== Task ==
Reproduce the data below in full and to the letter, images excepted.

== Available data ==
________
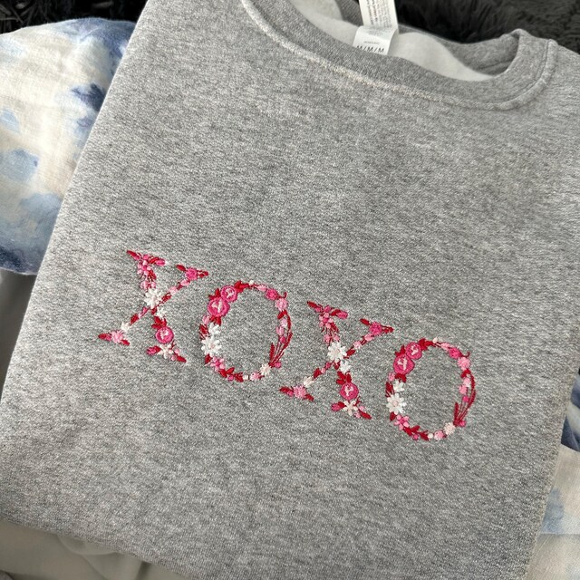 Embroidered XOXO Floral Sweats Valentines Flower Letter Hoodies
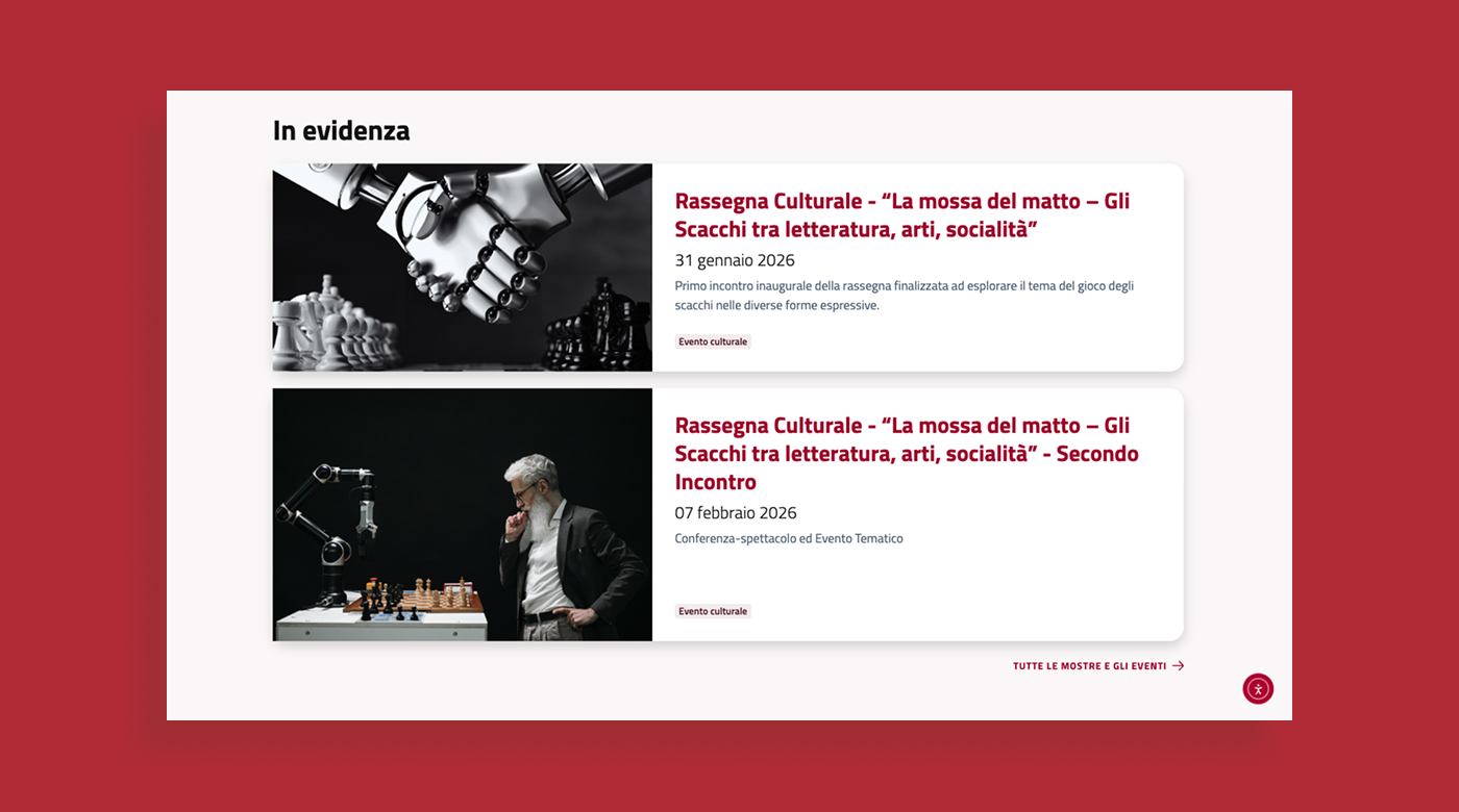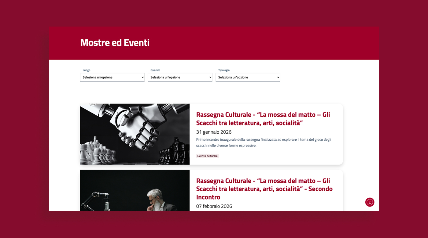 Il risultato è un portale istituzionale accessibile, conforme alle linee guida AgID della Pubblica Amministrazione e progettato per valorizzare il patrimonio museale attraverso un’esperienza di navigazione chiara e intuitiva.
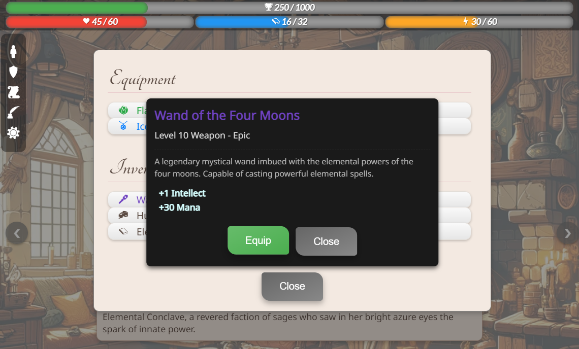 Every adventurer knows that the gleam of an item can tell its tale. We've sprinkled a bit of magic dust on our Items Modal to reveal the rarity of each gear piece. Now, as you peruse your trove of treasures, you'll see them shimmer in hues of Uncommon Green, Rare Blue, or the coveted Epic Purple.
________
== Your response ==
 Embroidered XOXO Floral Sweats Valentines Flower Letter Hoodies
 Il risultato è un portale istituzionale accessibile, conforme alle linee guida AgID della Pubblica Amministrazione e progettato per valorizzare il patrimonio museale attraverso un’esperienza di navigazione chiara e intuitiva.
 Every adventurer knows that the gleam of an item can tell its tale. We've sprinkled a bit of magic dust on our Items Modal to reveal the rarity of each gear piece. Now, as you peruse your trove of treasures, you'll see them shimmer in hues of Uncommon Green, Rare Blue, or the coveted Epic Purple.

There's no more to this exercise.